Nature Notes

Volume XXXII-XXXIII - 2001/2002

Castle Crest After Dark
By John E. Butler

For several years after the 1956 edition of Nature Notes finally went to press in 1961, the Crater Lake Natural History Association hoped to produce issues on an occasional basis. This serial did not appear again until its revival in 1992, but a number of potential articles remained in park files. What the author describes is timeless, even though his last season on the naturalist staff was the summer of 1962—Editor.

trail guide
The trail guide printed in 1962.

Located one-fourth mile east of Park Headquarters on the Rim Drive is one of Crater Lake National Park's most beautiful visitor attractions. Castle Crest Wildflower Garden provides an array of color and picturesque landscape seldom equaled. A gently tumbling mountain stream and numerous springs provide not only moisture necessary for the wildflowers, but also add a touch of beauty themselves. This is Castle Crest during the day; but what happens after dark?
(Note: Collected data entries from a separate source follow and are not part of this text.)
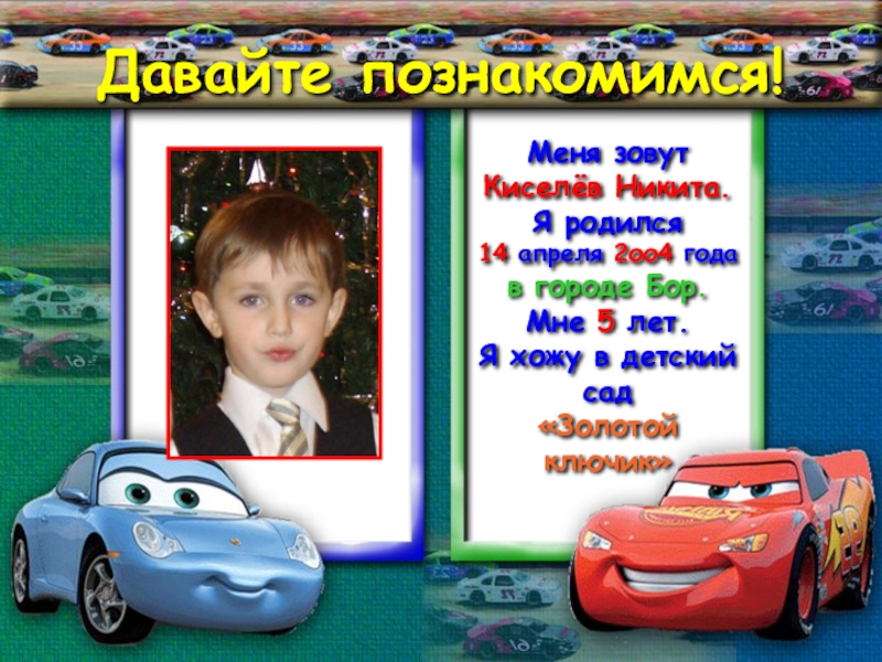 Давайте познакомимся!Меня зовут Киселёв Никита.Я родился 14 апреля 2оо4 года в городе Бор.Мне 5 лет.Я хожу в детский сад«Золотой ключик»
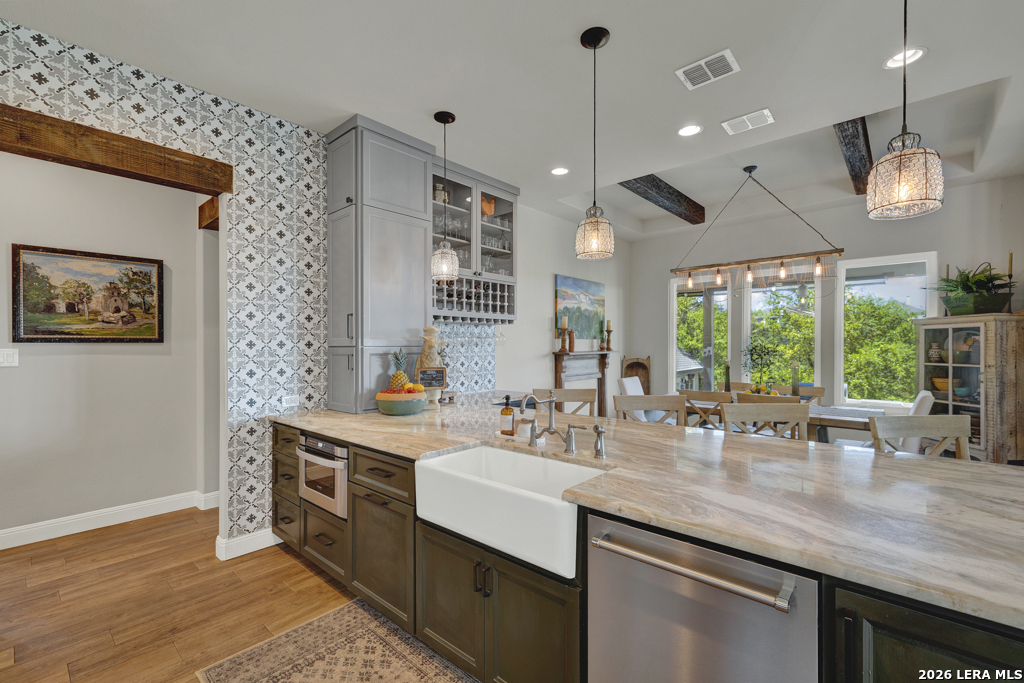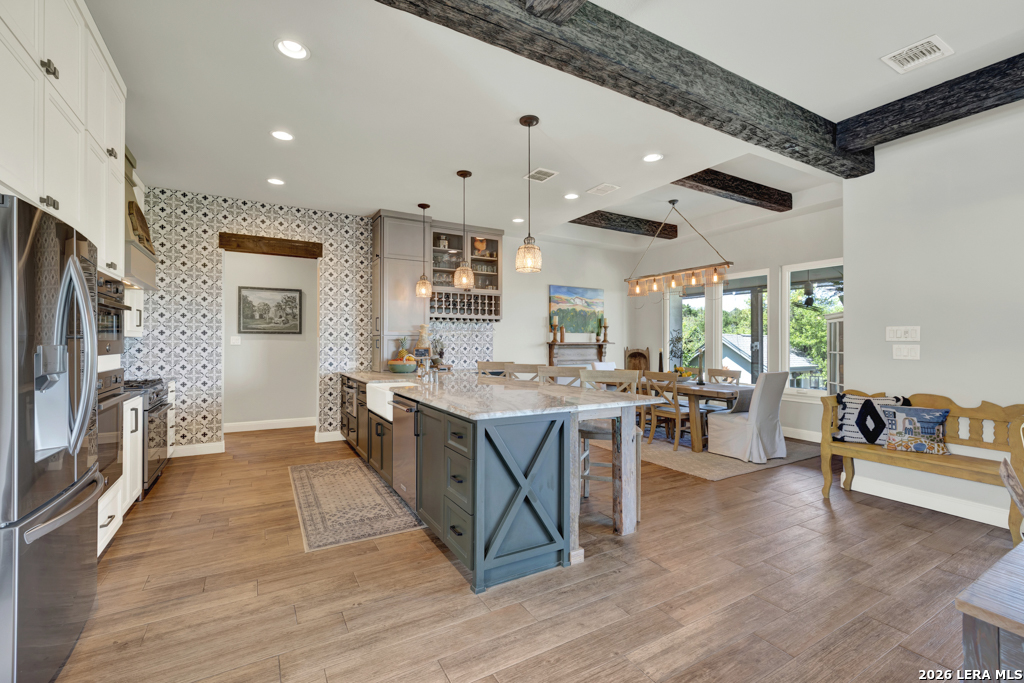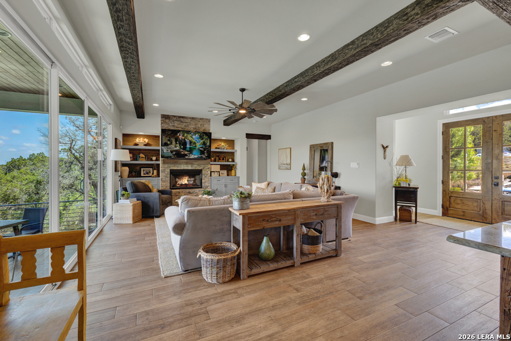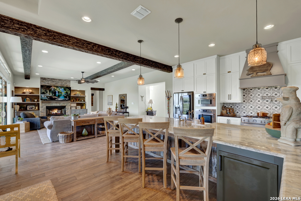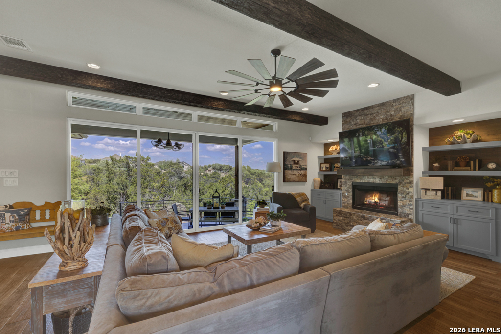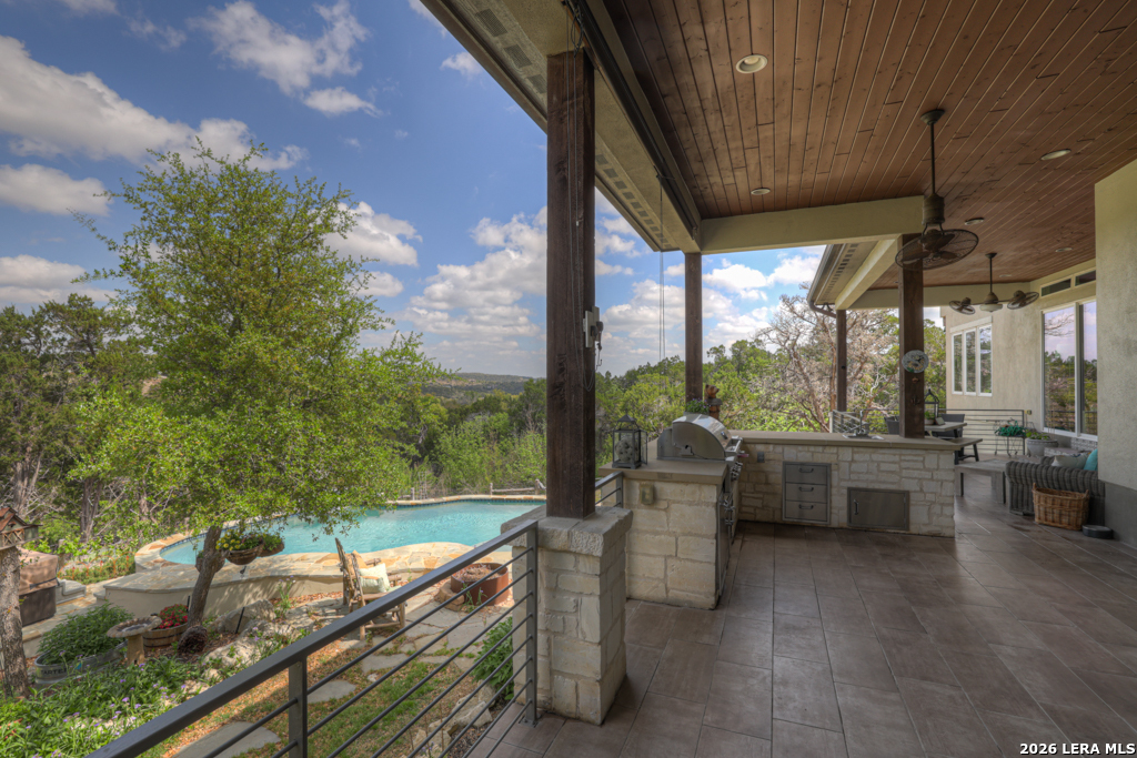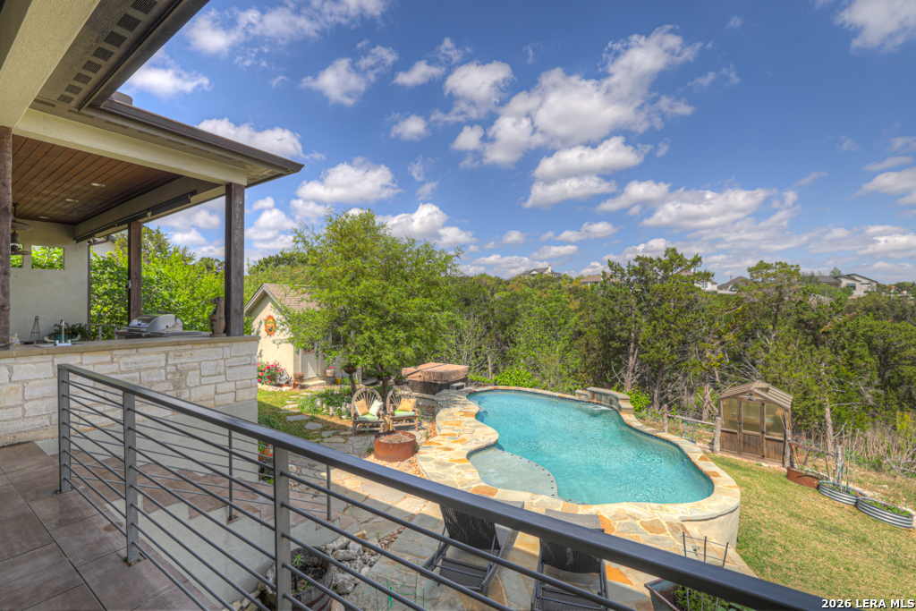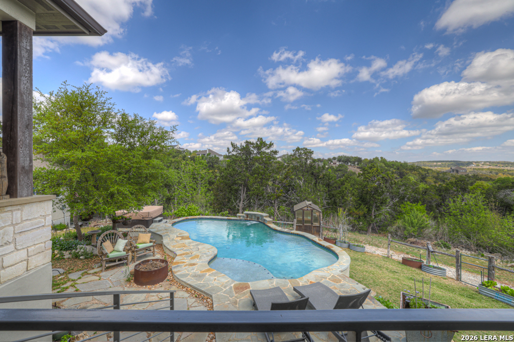 Perched in the heart of Vintage Oaks, 1993 Pinotage offers sweeping Hill Country views that truly set this home apart. With 3 bedrooms, 3 full baths, and a spacious second-floor loft, the layout is both functional and flexible. The loft can easily be converted into a fourth bedroom, additional living space, or a private retreat. Designed with both everyday living and entertaining in mind, the chef's kitchen features premium Bertazzoni appliances, including a 36-inch 6-burner gas range, electric wall oven, steam combi oven, and drawer microwave. An oversized island anchors the space and opens seamlessly to the main living areas. The owner's retreat is a true escape, complete with its own fireplace and a peaceful setting that complements the home's overall privacy and views. Step outside to enjoy your private backyard oasis, complete with a pool and panoramic views that stretch as far as the eye can see. The property also includes a matching storage shed, greenhouse, and thoughtfully planted fruit trees-including fig, peach, and plum-adding both privacy and charm. This is a rare opportunity to own a well-appointed home with unmatched views and unique outdoor features in one of New Braunfels' most sought-after communities.
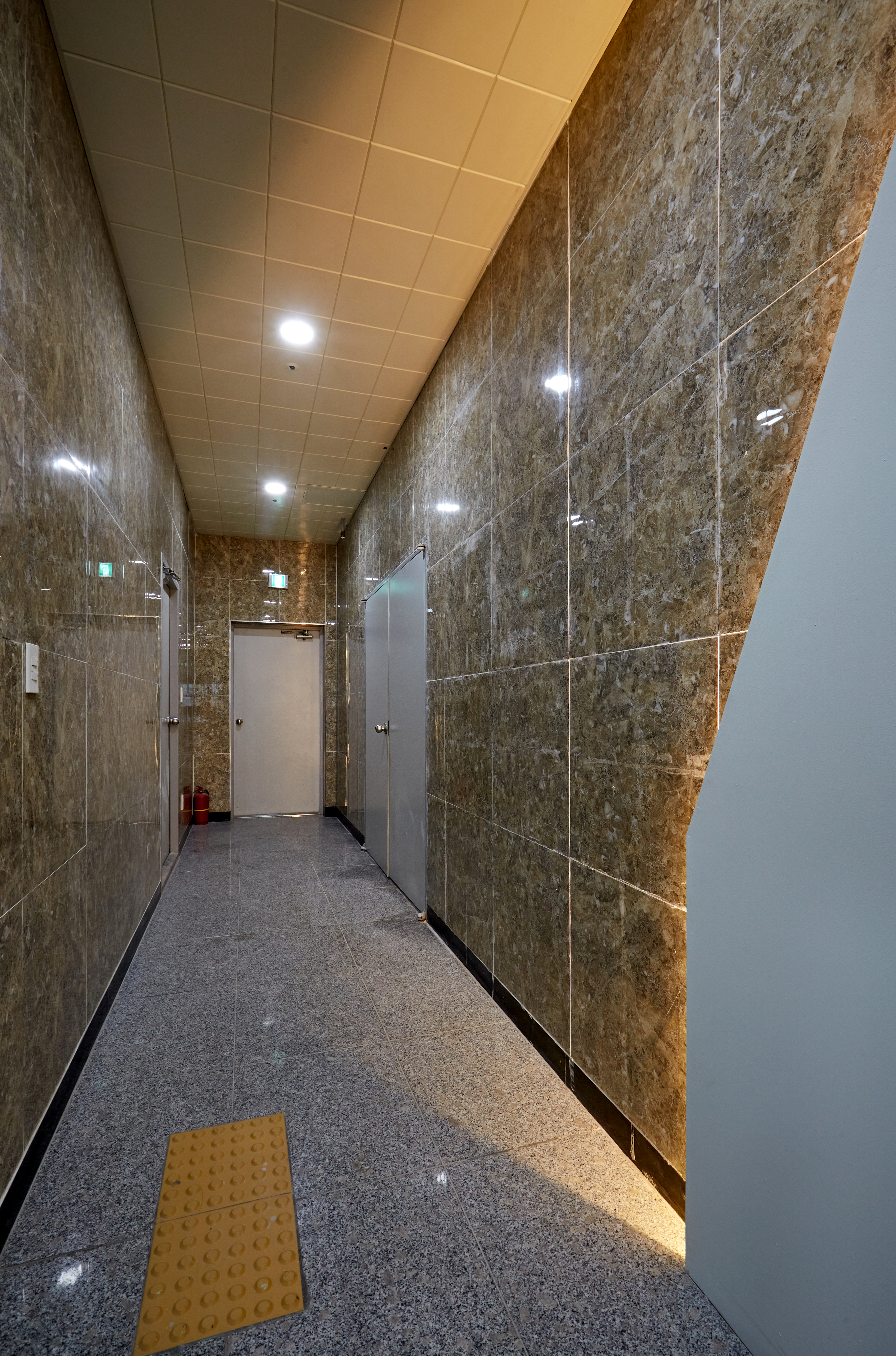 통로 부분 역시 간접 조명으로 긴 라인을 배치하여
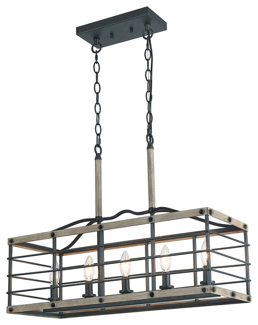 Shop Modern Farmhouse 5 Light Wood Rustic Kitchen Island Lighting
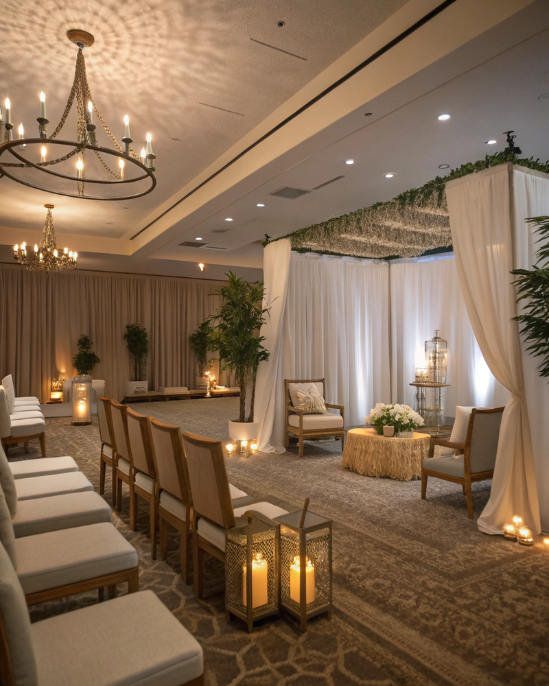 Nestled in the heart of elegance, our venue offers an intimate atmosphere where every detail is crafted to perfection. From weddings to private celebrations, create unforgettable moments in a space designed for romance and refinement.
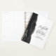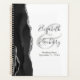 This elegant modern wedding planner features a black watercolor design trimmed with faux silver glitter. Easily customise the charcoal grey text on a white background, with the names of the bride and groom in handwriting calligraphy over a large, pale grey ampersand. Add the title and wedding date below in italics. The back cover features a matching black and silver agate design.

Instead of the chromatic schemes of the day, a moonlit night reveals a terrain of black silhouettes against a dark blue sky. If you were to enter Castle Crest on such an evening during the month of July, your greeting could be the vibrations produced by the friction of an insect's legs—the chirping of a cricket. The bubbling of an invisible mountain stream in the background seems louder than during the day.

Far to the west, the hooting of a horned owl can be heard, and just above this distant sound, the celestial giant Arcturus twinkles its reddish light.1 Ahead on the trail, the colunmar shape of subalpine firs stand like temple spires against a lighter background where Cygnus continues its flight down Munson Valley on the trail of the Milky Way.2 As we cross the little log bridge by sign post number 10, the mountain hemlock trees on the distant northeastern hill identify themselves with their drooping tops—weary, so it seems, from the duties of the day.3 Just above this hill, the "W" of Cassiopeia seems to stand for water, which appears to have its source in that direction.4

naturalist staff, 1962
Naturalist staff in 1962. Author is in the middle row, third from left. NPS photo.

Castle Crest Wildflower Garden
Castle Crest Wildflower Garden in the daylight, 1963. NPS photo by Denis Baskin.

Farther along the trail, we carefully step through the darkness from one flat rock to the next. It might become easy to be aware that nature's feathered acrobat during the day has been replaced by an equally specialized member of the mammal group. Twisting and darting through the night air, using its natural radar to find the way, a brown bat seems to assume the role played by the rufous hummingbird in the sunlit hours.

As we peer toward the southeast sky, Jupiter's glow appears second only to the full July moon. Outlined below these two brilliant spectacles, the Scorpion seems to suggest the direction in which an animal could be found.5 Within this beautiful constellation our eyes catch Antares' light which has aged some 400 years before it reaches us.6

Upon completing our circle of Castle Crest Wildflower Garden, a snapping twig tells us that ours are not the only eyes enjoying this beautiful scene. Casting a flashlight in the direction of the disturbance, we see the eyes of a black-tailed deer shining like two jewels in the dark forest. The background noise of crickets, a mountain stream, and the horned owl have gained a new member in the occasional grunt of a Cascade frog as we return to our starting point on the trail loop. This is Castle Crest after dark, an example of nature's ever-changing panorama that does not always require the light of day to reveal its beauty.


1The most brilliant star in the evening skies of late spring and summer. It can be found by following the curved handle of the Big Dipper (Ursa Major) onward along an arc of approximately 30 degrees.

2A constellation containing a group of stars known as the Northern Cross.

3The stops have since been renumbered.

4Cassiopeia is a constellation lying on the opposite side of the North Star from the handle of the Big Dipper.

5Scorpius or scorpio is seen near to the horizon in the continental United States.

6This star is often called "Heart of the Scorpion" due to its brightness.

John E. Butler served as a seasonal naturalist at Crater Lake National Park during the 1961 and 1962 seasons.